The brewery went through hard times in 1930s, which ultimately led to the disruption of production in 1935. Nine years later, after the liberation of Belgrade in World War II and reparation of the old equipment, a new phase of the company began. By 1950, more than 40,000 hectoliters of beer were produced. Continuous investments resulted in the reconstruction and modernization of the production facilities and the application of new technologies in the production process and the increase in the beer production capacities. All this was conducted in the period 1958–1966 and it represented a basis for further development of the brewery and transformation into large company.

In the 1970s, the process of automated production lines was introduced, the result of which was production over 630,000 hectoliters of beer in 1977, as well as the introduction of new non-alcoholic beverages tasting of orange, lemon, blueberry and Alpine herbs. The result of the economic sanctions in the 1990s was a brief period of decrease in the brewery production, so that 475,000 hectoliters of beer was produced yearly.

The company began transferring into the private ownership in 1991, and in 2003 it became a part of the international InterBrew network which merged in 2005 in InBev corporation. Over three years, InBew invested around 100 million euros in technology of the company. In 2008, the company became a part of Anheuser-Busch InBev. In December 2009, Apatin Brewery became a part of the StarBev regional brewery group based in Prague, founded by a leading investment company CVC Capital Partners. Except Serbia, the group operated on the markets of Bosnia and Herzegovina, Bulgaria, Croatia, Czech Republic, Hungary, Montenegro, Romania and Slovakia.

On 3 April 2012, Molson Coors brewing company has completed its previously announced acquisition of StarBev for approximately €2.65 billion.
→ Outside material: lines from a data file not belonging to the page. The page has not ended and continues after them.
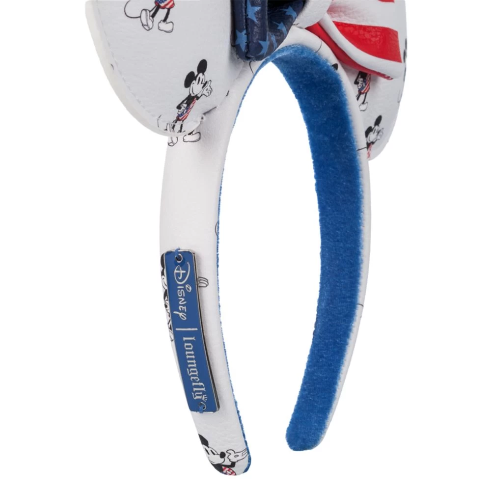 Three cheers for the red, white, and blue bow on this simulated leather Minnie Mouse ear headband by Loungefly. With its patriotic Mickey pattern, it’s a stirring keepsake to honor America for ”ears” to come. Wear with pride!
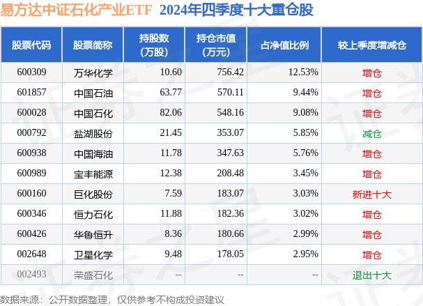 易方达中证石化产业ETF为指数型-股票基金,根据最新一期基金季报显示,该基金资产配置:股票占净值比98.83%,无债券类资产,现金占净值比1.14%。基金十大重仓股如下:
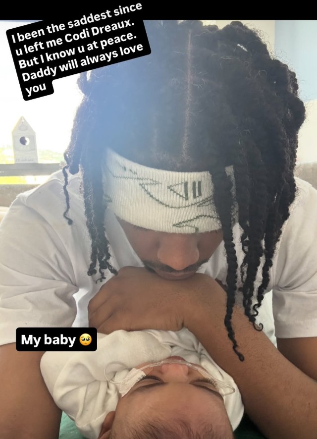 “I been the saddest since u left me Codi Dreaux,” he wrote in an Instagram Story alongside a photo holding his baby. “But I know u at peace. Daddy will always love you.”
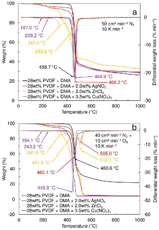 Thermogravimetric analysis (weight loss—solid line, differential weight loss—dotted lines) in (a) nitrogen and (b) synthetic air (mixture of 20 vol% oxygen and 80 vol% nitrogen) for different electrospun filter materials fabricated using the solutions of 28 wt% PVDF + DMA at voltage 9 kV, and with the addition of 2.0 wt% AgNO3 at 15 kV, 2.0 wt% ZnCl2 at 15 kV, and 3.5 wt% Cu(NO3)2·2.5H2O at 17 kV.
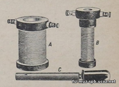 | Рисунок 1. «Индукционная» катушка А, В и сердечник, который состоит из пучка железных отожженных проволок. |
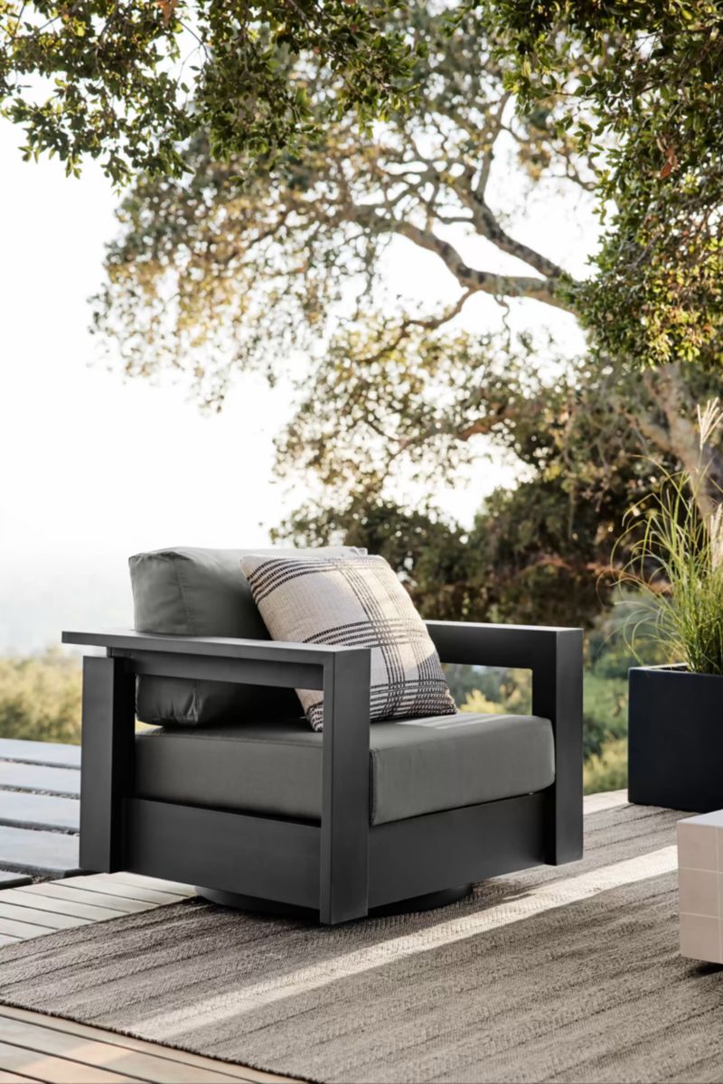 Walker Grey Metal Outdoor Swivel Lounge Chair with Flax Beige Sunbrella Cushions Crate Barrel Very well made.
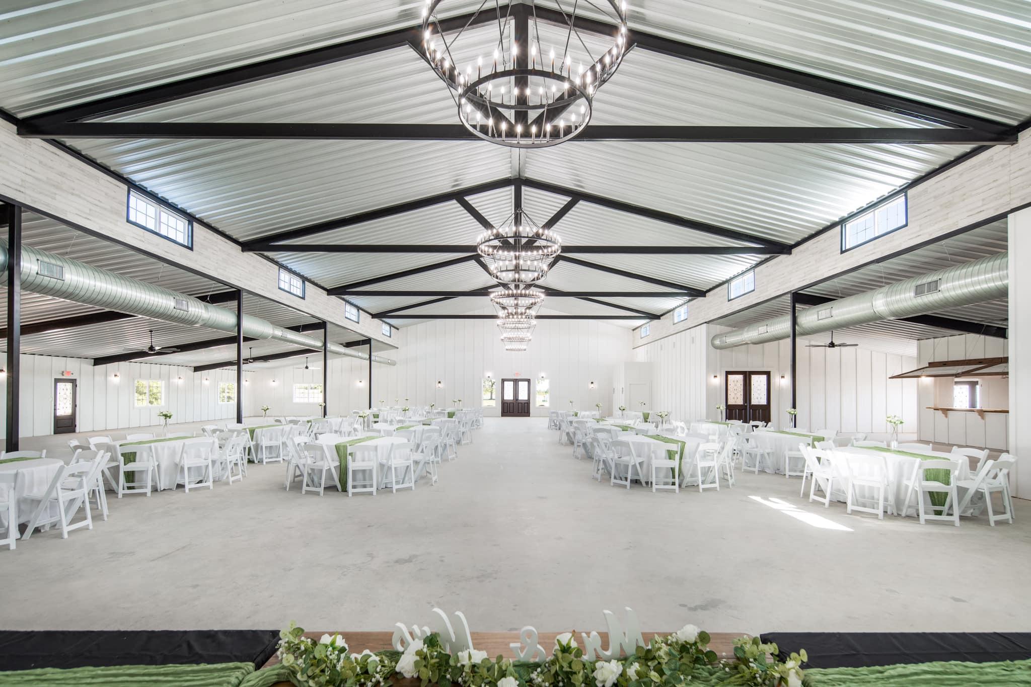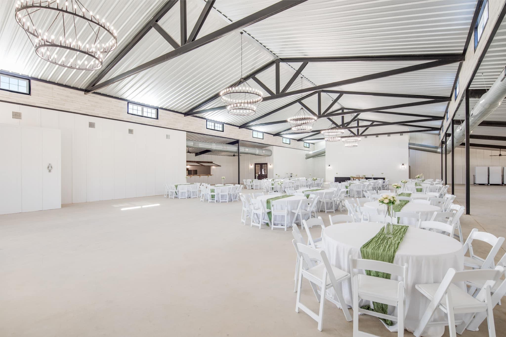 Indoor/Outdoor Ceremony Options, Beautiful Outdoor Ceremony site with mature trees and built-in benches to include all your guests, 13,000 sq. ft climate-controlled venue space for up to 650+ guests, Gorgeous & chic bridal suite with built in beauty bar, adjustable chairs, shower, wine fridge, Rustic and FUN groom’s suite for a day of getting ready full of fun for the groom and his guys. This includes a pool table, big screen TV, 2 private bathrooms, and a private dressing room
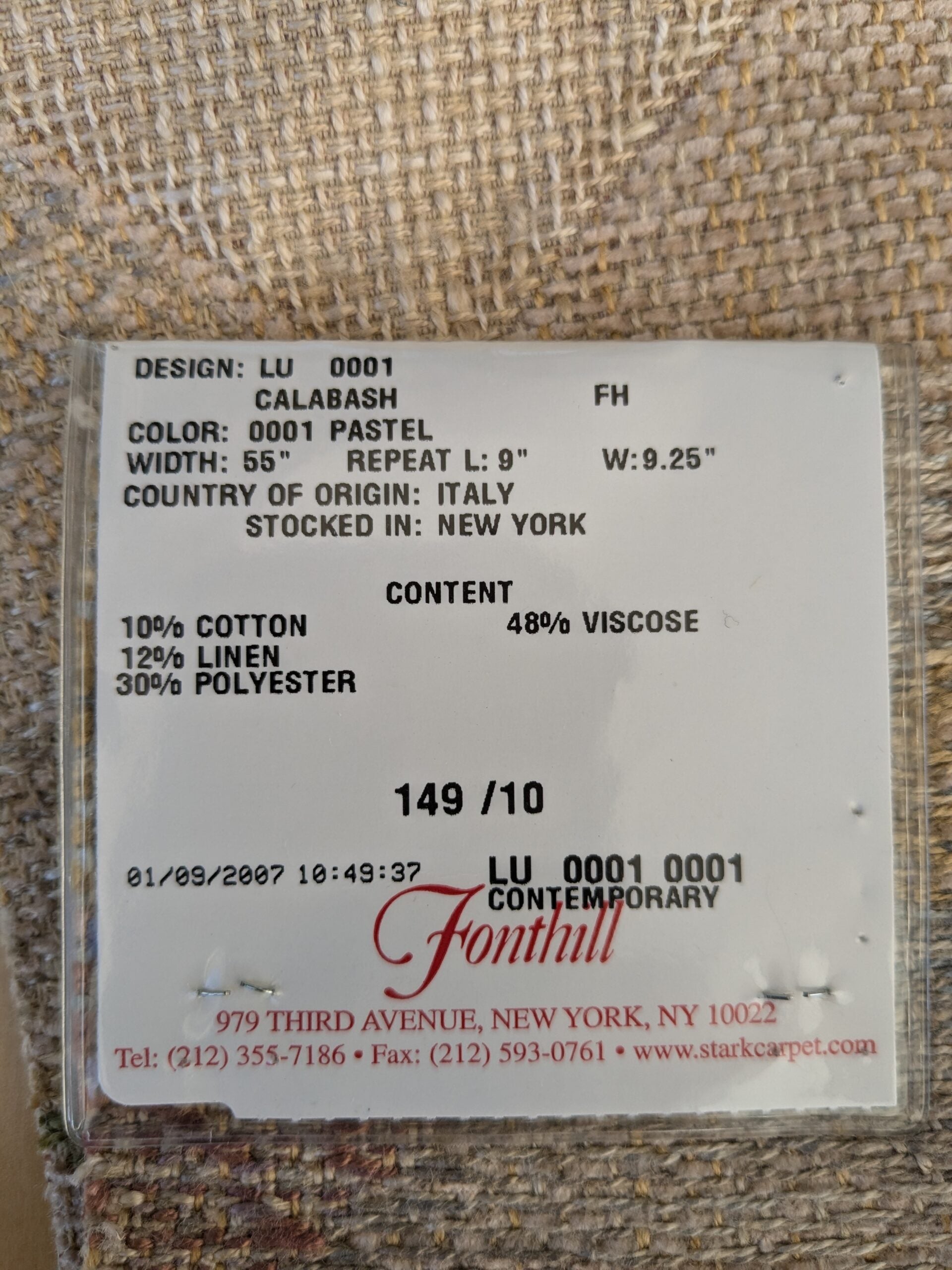 Fiber, repeat, width, weight, country of origin, WHOLESALE price/yard:
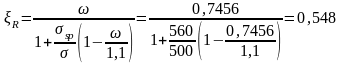 Ранее было принято R = 0,55. Необходимо уточнить значения коэффициента R и площади сечения арматуры Asp.
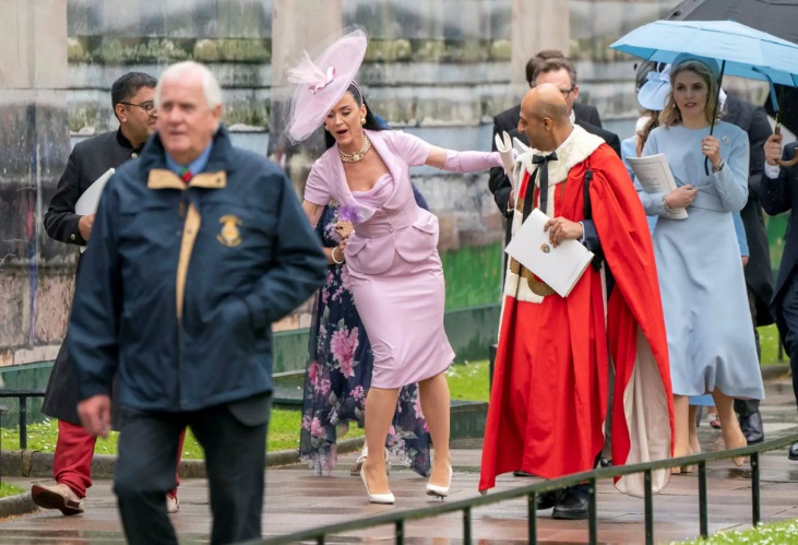 Μετά το πέρας της τελετής στέψης, η Κέιτι Πέρι παραπάτησε την ώρα που αποχωρούσε από το Αββαείο του Γουέστμινστερ και η στιγμή απαθανατίστηκε από τον φακό του Reuters:

This way, Molson Coors took over the regional brewing group Starbev, as part of which Apatin Brewery in Serbia has been operating.

As of 2006, it is the leading brewery on the Serbian market.

==Brands==
Brands produced in Apatin Brewery are: Jelen, Apatinsko, Jelen Cool, Jelen Fresh, Staropramen, Beck's, Stella Artois, Nikšićko pivo and Nikšićko tamno. Jelen is the leading beer brand on the Serbian market, and has its share in Bosnia and Herzegovina, Montenegro and Macedonia.

==Marketing==
Apatin Brewery is known for its slogans for each of its brands: Jelen Pivo – "Men know why"; Jelen Cool – "Anytime, anywhere"; Nikšićko Pivo – "Always among friends"; Beck’s – "Deliberately different". According to the results of a 2009 study of TNS Medium Gallup, Apatin Brewery ranked third in Serbia in advertising and overall business results.

Apatin Brewery is the sponsor of the Guča Trumpet Festival.